■ Task
Copy out the data word for word. The images are not part of the copy.
════
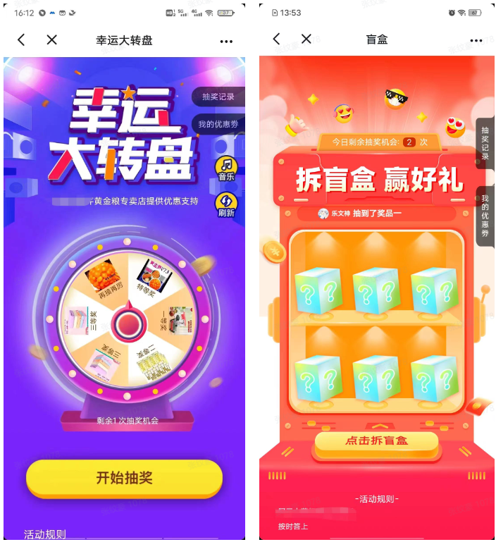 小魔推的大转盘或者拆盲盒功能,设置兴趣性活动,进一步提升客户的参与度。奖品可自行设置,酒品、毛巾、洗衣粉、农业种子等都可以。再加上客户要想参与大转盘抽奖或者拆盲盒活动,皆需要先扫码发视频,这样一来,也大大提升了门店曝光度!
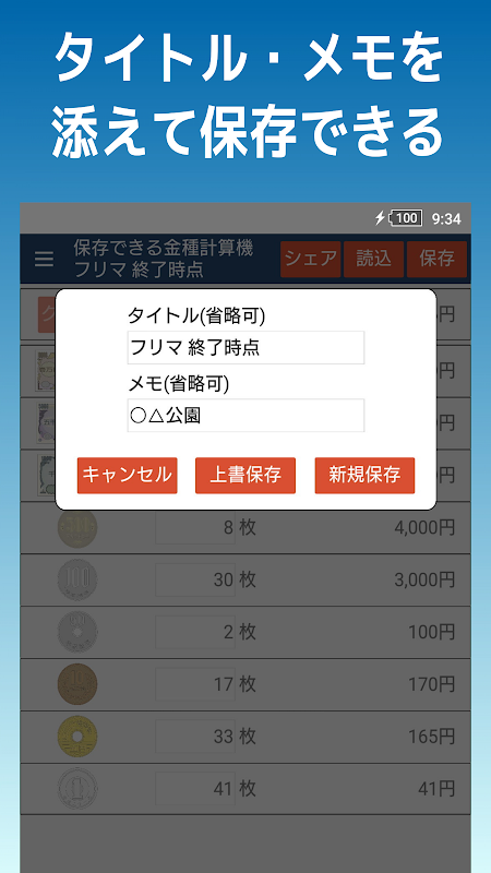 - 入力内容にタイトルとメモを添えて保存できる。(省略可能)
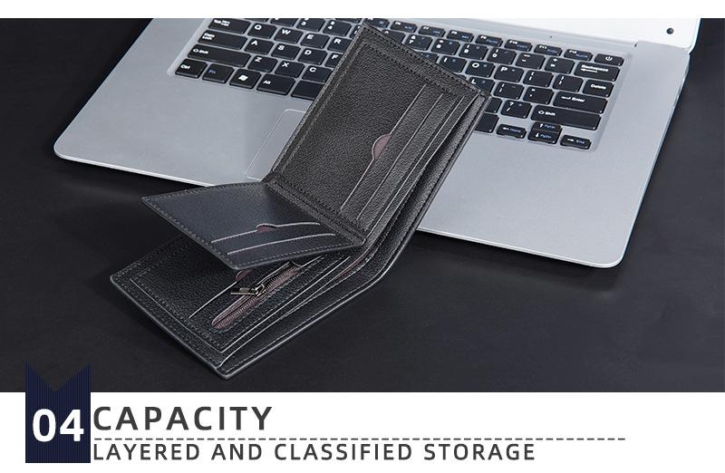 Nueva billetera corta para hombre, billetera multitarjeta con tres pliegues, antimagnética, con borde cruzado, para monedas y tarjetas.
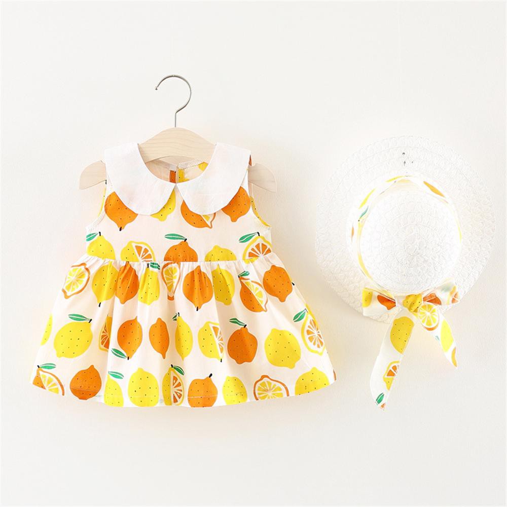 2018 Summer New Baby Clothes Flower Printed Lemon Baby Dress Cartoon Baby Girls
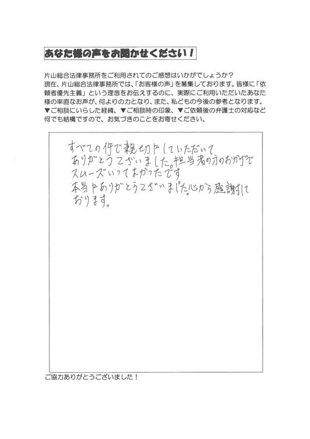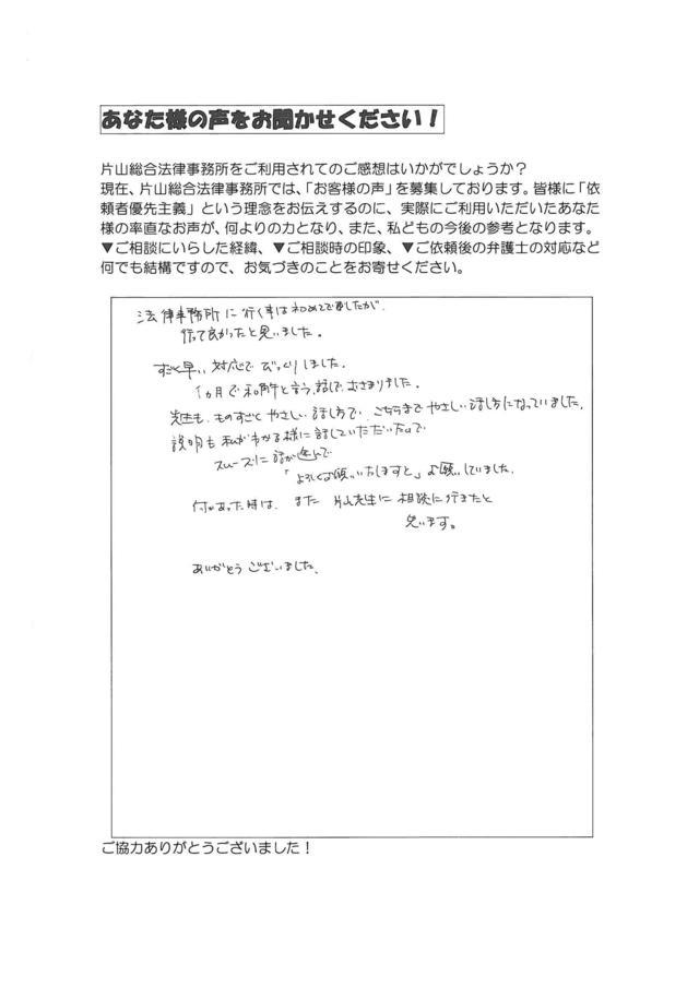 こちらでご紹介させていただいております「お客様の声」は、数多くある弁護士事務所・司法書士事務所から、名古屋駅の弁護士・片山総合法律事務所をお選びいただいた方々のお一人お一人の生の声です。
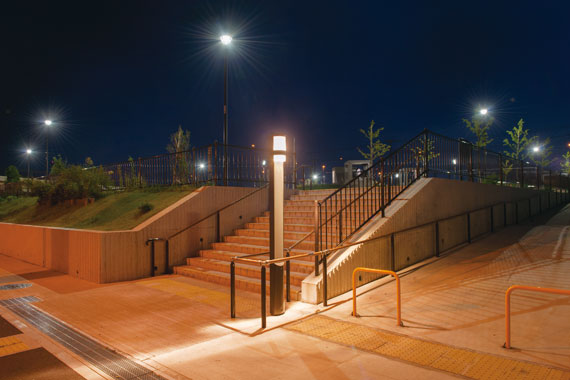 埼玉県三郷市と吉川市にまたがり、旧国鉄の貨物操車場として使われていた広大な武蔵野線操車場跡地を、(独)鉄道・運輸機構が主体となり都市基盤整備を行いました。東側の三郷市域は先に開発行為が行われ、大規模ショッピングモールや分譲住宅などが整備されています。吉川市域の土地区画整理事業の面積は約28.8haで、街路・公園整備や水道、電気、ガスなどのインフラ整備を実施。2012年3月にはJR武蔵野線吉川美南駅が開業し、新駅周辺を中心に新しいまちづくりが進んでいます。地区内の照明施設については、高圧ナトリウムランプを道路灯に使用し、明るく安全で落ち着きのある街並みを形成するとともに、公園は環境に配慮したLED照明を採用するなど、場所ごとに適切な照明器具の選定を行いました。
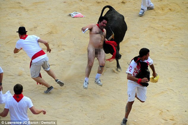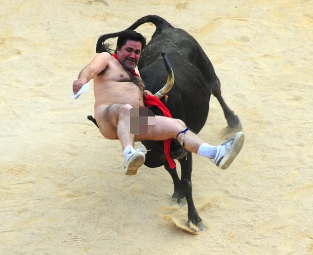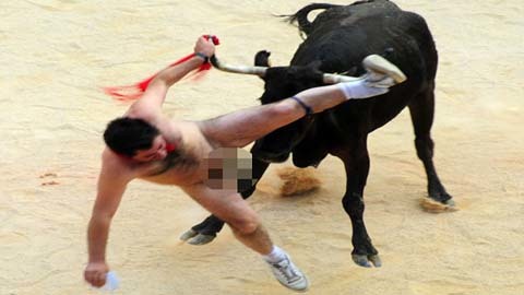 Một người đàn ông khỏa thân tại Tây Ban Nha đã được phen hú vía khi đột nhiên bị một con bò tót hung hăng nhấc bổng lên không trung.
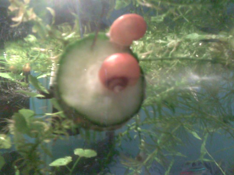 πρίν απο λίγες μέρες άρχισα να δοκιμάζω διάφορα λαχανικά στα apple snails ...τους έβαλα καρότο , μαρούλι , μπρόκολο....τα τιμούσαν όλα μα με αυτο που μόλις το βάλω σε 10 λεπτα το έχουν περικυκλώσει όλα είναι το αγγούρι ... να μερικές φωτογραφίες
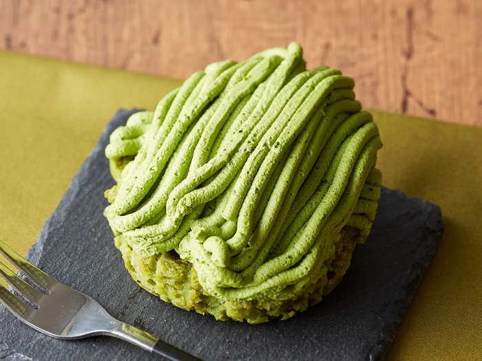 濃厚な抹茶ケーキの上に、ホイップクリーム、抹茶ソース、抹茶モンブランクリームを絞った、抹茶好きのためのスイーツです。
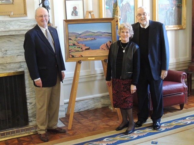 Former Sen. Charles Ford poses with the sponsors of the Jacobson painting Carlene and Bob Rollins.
════
■ Written response
 小魔推的大转盘或者拆盲盒功能,设置兴趣性活动,进一步提升客户的参与度。奖品可自行设置,酒品、毛巾、洗衣粉、农业种子等都可以。再加上客户要想参与大转盘抽奖或者拆盲盒活动,皆需要先扫码发视频,这样一来,也大大提升了门店曝光度!
 - 入力内容にタイトルとメモを添えて保存できる。(省略可能)
 Nueva billetera corta para hombre, billetera multitarjeta con tres pliegues, antimagnética, con borde cruzado, para monedas y tarjetas.
 2018 Summer New Baby Clothes Flower Printed Lemon Baby Dress Cartoon Baby Girls
 こちらでご紹介させていただいております「お客様の声」は、数多くある弁護士事務所・司法書士事務所から、名古屋駅の弁護士・片山総合法律事務所をお選びいただいた方々のお一人お一人の生の声です。
 埼玉県三郷市と吉川市にまたがり、旧国鉄の貨物操車場として使われていた広大な武蔵野線操車場跡地を、(独)鉄道・運輸機構が主体となり都市基盤整備を行いました。東側の三郷市域は先に開発行為が行われ、大規模ショッピングモールや分譲住宅などが整備されています。吉川市域の土地区画整理事業の面積は約28.8haで、街路・公園整備や水道、電気、ガスなどのインフラ整備を実施。2012年3月にはJR武蔵野線吉川美南駅が開業し、新駅周辺を中心に新しいまちづくりが進んでいます。地区内の照明施設については、高圧ナトリウムランプを道路灯に使用し、明るく安全で落ち着きのある街並みを形成するとともに、公園は環境に配慮したLED照明を採用するなど、場所ごとに適切な照明器具の選定を行いました。
 Một người đàn ông khỏa thân tại Tây Ban Nha đã được phen hú vía khi đột nhiên bị một con bò tót hung hăng nhấc bổng lên không trung.
 πρίν απο λίγες μέρες άρχισα να δοκιμάζω διάφορα λαχανικά στα apple snails ...τους έβαλα καρότο , μαρούλι , μπρόκολο....τα τιμούσαν όλα μα με αυτο που μόλις το βάλω σε 10 λεπτα το έχουν περικυκλώσει όλα είναι το αγγούρι ... να μερικές φωτογραφίες
 濃厚な抹茶ケーキの上に、ホイップクリーム、抹茶ソース、抹茶モンブランクリームを絞った、抹茶好きのためのスイーツです。
 Former Sen. Charles Ford poses with the sponsors of the Jacobson painting Carlene and Bob Rollins.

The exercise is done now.